Myths About Cryptocurrency
Bitcoin, the first cryptocurrency, was introduced in 2009. There are now thousands of cryptocurrencies, with a total value of around $2 trillion. The rise in their prices earlier in the year generated thousands of cryptocurrency millionaires, at least on paper. Many investors may find cryptocurrencies a huge speculative bubble. Many cryptocurrency fortunes have been destroyed by the recent plunge of prices. However, whatever their fate, the technological innovations that underpin them will change the nature of money.
Here are some popular myths people believe about cryptocurrency below:
1. Digital Currencies are Primarily used for Illicit Activity
One of the most common myths about digital currency is that are only used to do illicit activities. Although it is true that digital currency has been used by criminal organizations as well as individuals with nefarious ends, the same could be said for fiat currencies. This myth can be explained by the anonymity of most cryptocurrencies. Bitcoin was the first major digital currency and became very popular on black markets such as the Silk Road.
It’s true that bitcoin’s anonymity and some aspects may have attracted criminals to do illegal business in those markets. However, it is important to remember that the illegality of the transactions was not caused by the cryptocurrency. It is possible for criminals to use fiat currency in their crimes so as not blame such innovation. Analysis of the patterns of money flows on the Bitcoin network revealed that although there was a time when most Bitcoin activity was concentrated at black market and gambling venues , that amount has fallen to a very small percentage of total usage today.

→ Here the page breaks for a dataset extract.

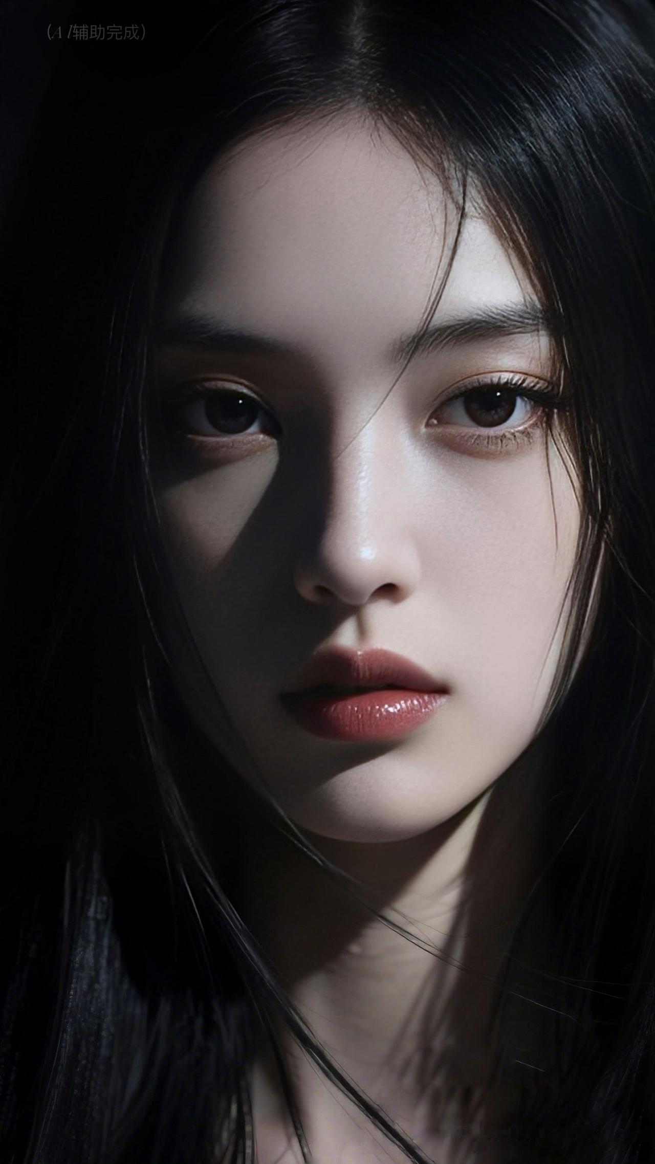 墨发如瀑倾泻,光影为瓷肌裁出明暗层次;眉眼锁着星夜幽秘,唇间漾开柔雾绯色。冷艳与温婉在她身上共生,东方意境于眉梢眼角流淌,每一寸都写满美学暴击,一眼沦陷这梦般的惊艳。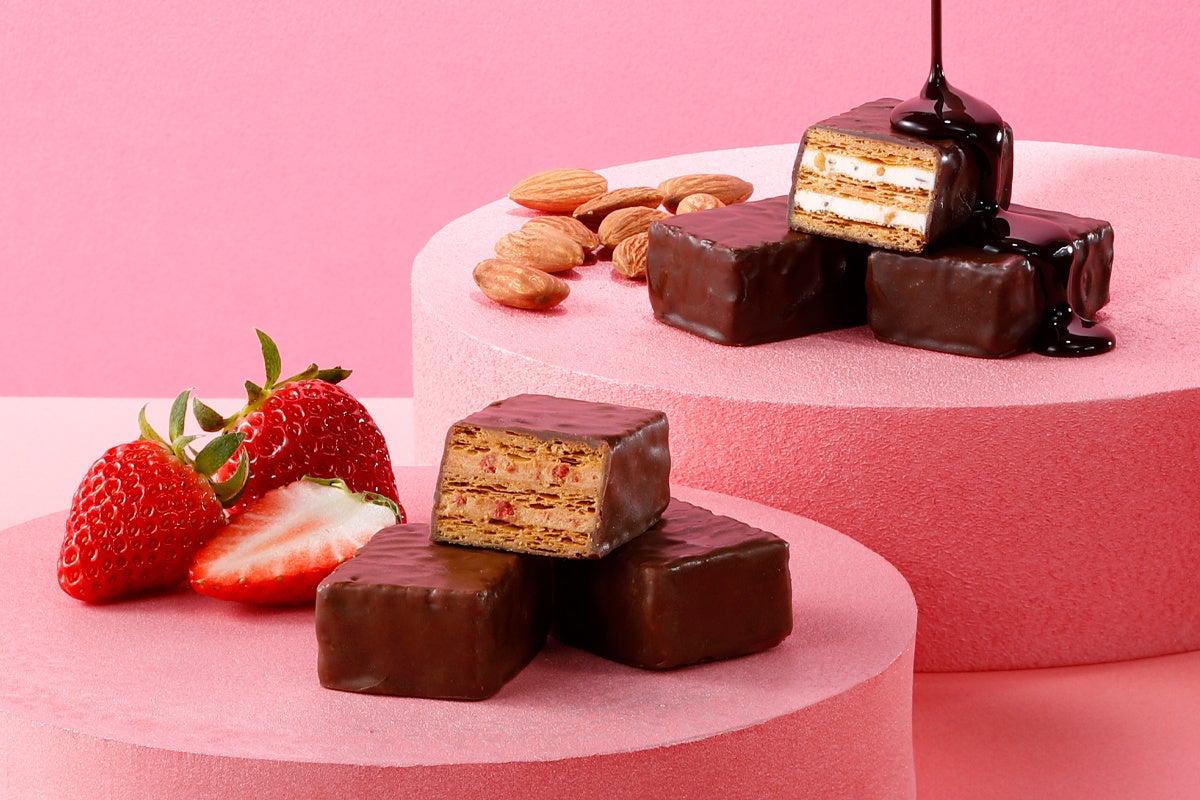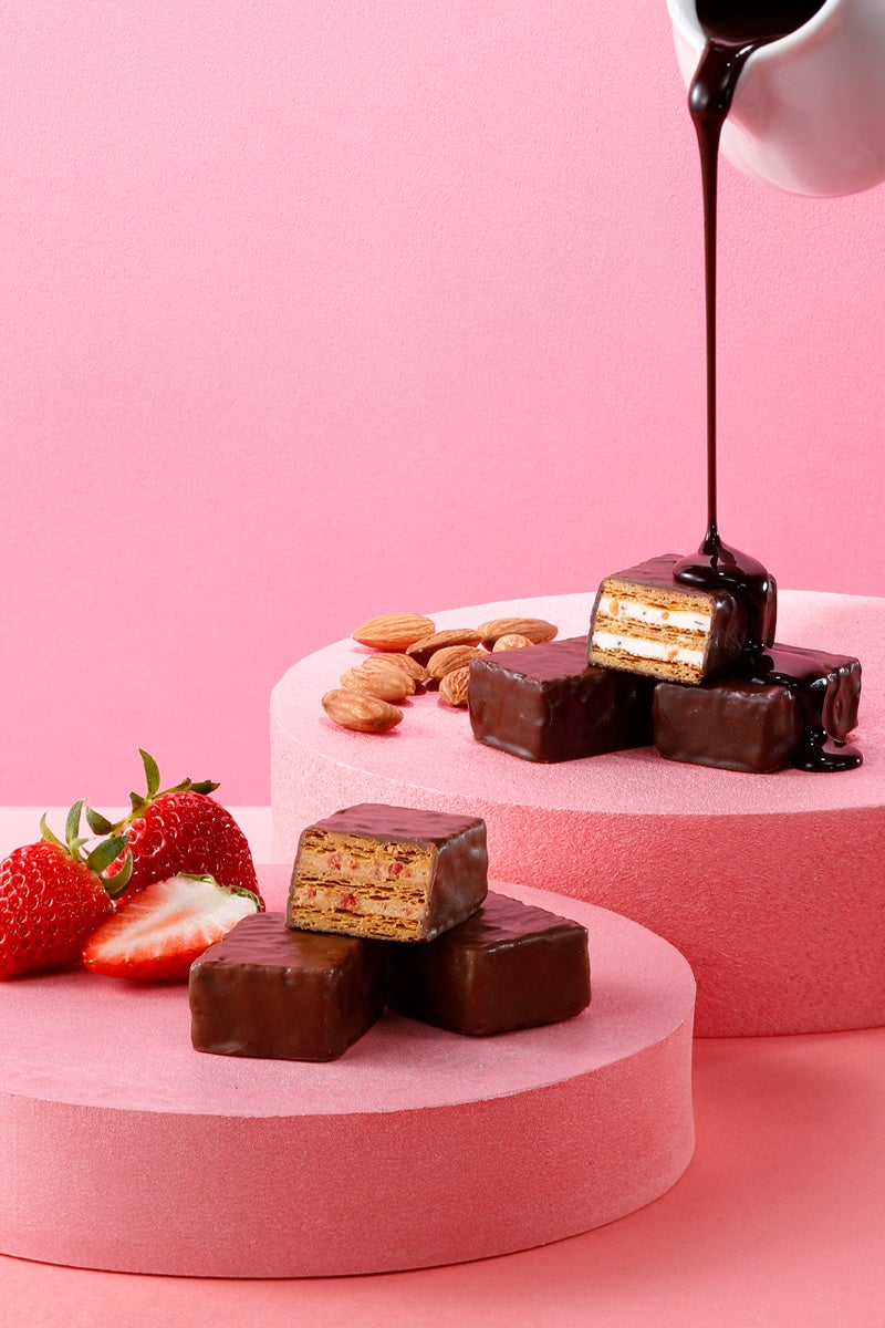 「キャラメル苺」は、ビターキャラメルクリームをパイ生地でサンドし、食感が楽しい苺クランチを加えました。ほんのりとした塩味はキャラメルの甘みを引き立てます。苺クランチの酸味も合わさって、絶妙な味わいをお楽しみいただけます。

2. Cryptocurrencies Are a Scam
Investors should be wary of potential scams. Numerous initial coin offerings have been exposed as fraudulent in many ways. Smart investors treat cryptocurrencies the same as any other investment, with a healthy amount of skepticism along with extensive research and caution.
Investors can be lured into investing in fraudulent opportunities in traditional financial markets too. This happens when investors don’t take the time to fully consider the details of the opportunity. As one would need to be able to discern good from bad investments in traditional finance, the same applies to cryptocurrency investment opportunities. Although it is impossible to eliminate the possibility of being scammed, it can be reduced significantly.
3. Cryptocurrencies and Blockchain technology are the same
FALSE. Thou they are often mistakenly thought to be synonymous. Blockchain is the technology that underpins cryptocurrencies. It is the technology it uses.that is if you think they are the same, because they are not. Cryptocurrency uses the other–blockchain tech to function.
4. Crypto transactions are anonymous.
Bitcoin was initially marketed as an anonymous medium for exchange that was untraceable and invisible to hackers when it first appeared. According to Bitcoin.org, Bitcoin transactions are permanently stored on a network and can be accessed by anyone. While Bitcoin addresses don’t have names attached, transactions can be linked with real-world identities. According to Business Insider cash is more anonymous than cryptocurrency.
5. Cryptocurrencies will soon be a passing fad.
Warren Buffet has likened cryptocurrencies to 17-century Dutch tulip craze. Bank of England Governor Andrew Bailey warned that cryptocurrencies “Buy them only if you’re prepared to lose all your money” while Nouriel Roubini called Bitcoin “the mother or father of all scams” as well as criticizing its underlying technology.
Although cryptocurrencies are not a viable investment vehicle due to the volatility of its values spiking and falling, they are making significant financial and economic changes. Stable coins will accelerate the rise of digital payments as the technology matures.
This will usher in the end of paper currency. Central banks around the globe have been encouraged to create digital versions of their currencies because of the threat of private currencies. The Bahamas already has a digital currency central bank, and countries such as Japan, China, and Sweden are experimenting with digital money. If you have any dollar bills, they could soon be relics.
Even transactions like buying a car or house could be handled by computer programs that run on cryptocurrency platforms.
Electronic transactions that involve money or other assets, such as transfers of assets and payments could be made easier by digital tokens. This is often done without the involvement of trusted third parties like real estate attorneys. While governments will continue to be required to enforce property rights and contractual obligations, software could one day replace bankers and accountants.
These are some few myths about digital currency: What were your thoughts? Did you believe any of these myths at one time? Many people have heard these stories and don’t want to invest or use cryptocurrencies. You don’t have to be one of them. Instead, explore the world of cryptocurrency and all it has to offer.